Chroniques

par bertrand bolognesi

John Nelson et l'Ensemble Orchestral de Paris
Boris Berezovsky joue Chopin

Festival International de Piano de La Roque d'Anthéron / Parc du Château de Florans
- 21 juillet 2007
Boris Berezovsky joue les deux concerti de Chopin à La Roque d'Anthéron
© sylvain couzinet-jacques

C'est aux instrumentistes de l'Ensemble Orchestral de Paris et à leur chef John Nelson que le Festival International de Piano de La Roque d'Anthéron confie le soin d'inaugurer sa vingt-septième édition, par deux concerts donnés dans le parc du Château de Florans (ce soir et demain). Le premier programme encadre deux concerti par la musique de Ravel.

Preste et fluide, le Prélude du Tombeau de Couperin ouvre la fête. Le chef choisit une sonorité assez opulente qui n'est pas sans charme, donnant un certain relief à son interprétation. La Forlane s’y pare d’une préciosité charmante quoiqu'un rien vieillotte, tandis qu'on gèle remarquablement la Musette centrale du Menuet, achevée par un ralenti sans doute un peu trop soutenu. Dans une articulation stricte où se détache la belle couleur charnue de la clarinette, le Rigaudon conclut cet introït. En début de seconde partie, l'on retrouve Ravel et sa Pavane pour une infante défunte, relativement mal servie par des pizz' exsangues et un tempo trop lent.
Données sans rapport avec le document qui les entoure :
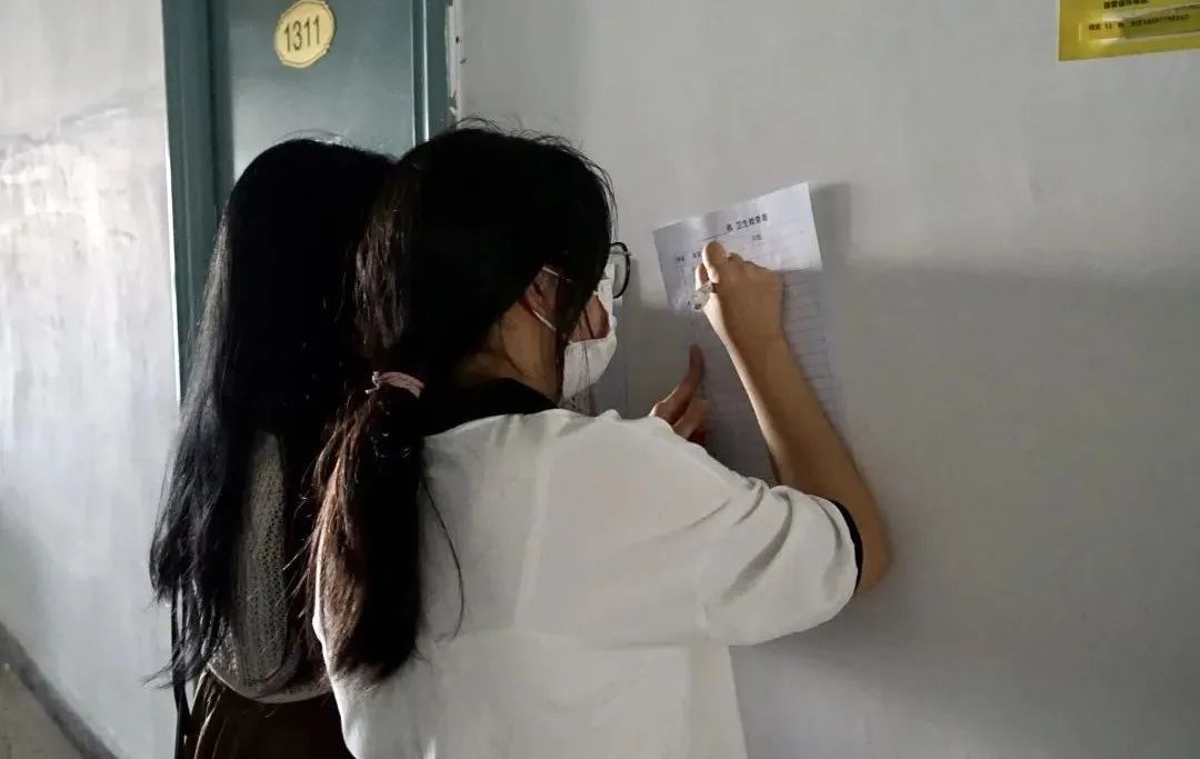 在宿管阿姨的带领下各部门学生干部进入宿舍进行随机抽查评比,检查过程中干部们都在认真的执行检查工作。
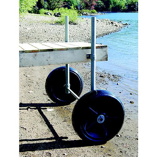 Plastic dock wheels are designed for roll-in docks and boat lifts. Made of UV stabilized heavy duty, rotomolded polyethylene. Large diameter rolls easily on all terrains. Designed for maximum strength with no maintenance requirements. Pre drilled with drain holes. Fits axle sizes 1.60" to 1.90" diameter.

Chacune de ces pages est suivie d'un concerto de Chopin, joués dans l'ordre d'opus qui inverse la chronologie de la composition. Boris Berezovsky gagne la scène pour une entrée fluide et délicate, d'une chaude vocalité, du Concerto en mi mineur Op.11 n°1. Son abord de l'Allegro maestoso s'affirme d'une grande tenue, dans une sonorité épaisse et toujours contrôlée qui évite toute brutalité. C'est incontestablement dans la Romance centrale que le pianiste moscovite se distingue, respirant un phrasé dont il affirme le bel canto, jusqu'à sa reprise plus intime. Le solo suspend l'écoute dans une couleur plus debussyste. Enfin, sous ses doigts le Rondeau final bénéficie d'une dynamique soigneusement conduite dont l'expressivité se garde de lever la tête, ménageant une cordiale simplicité à l'interprétation.

Si la lecture de John Nelson s'est avérée assez lourde, forçant volontiers le trait, çà et là, elle s'affine pour le Concerto en fa mineur Op.21 n°2. Berezovsky élargit l'impact de la pâte sonore, tout en offrant aux nuances un dessin sensible. La direction du Maestoso se fait plus vive et même inventive, à certains passages, tandis que le soliste exalte le mouvement dont la puissance peu à peu se dresse comme la crête d'une vague soudainement pétrifiée. Le Larghetto est plus leste qu'on s'y serait attendu, dominé par le chant toujours nourri du piano. Enfin, le dernier mouvement s’amorce dans une grâce malencontreusement contredite par un orchestre heurté qui oblige le soliste à faire crier l'aigu de son instrument. Cela ne l'empêchera cependant pas de peindre ensuite des climats différents et d'imposer des allures de ballet à la conclusion. Saluons également la générosité d'un artiste qui, non content de jouer deux concerti le même soir, remercie un public enthousiaste et chaleureux par une reprise du dernier mouvement.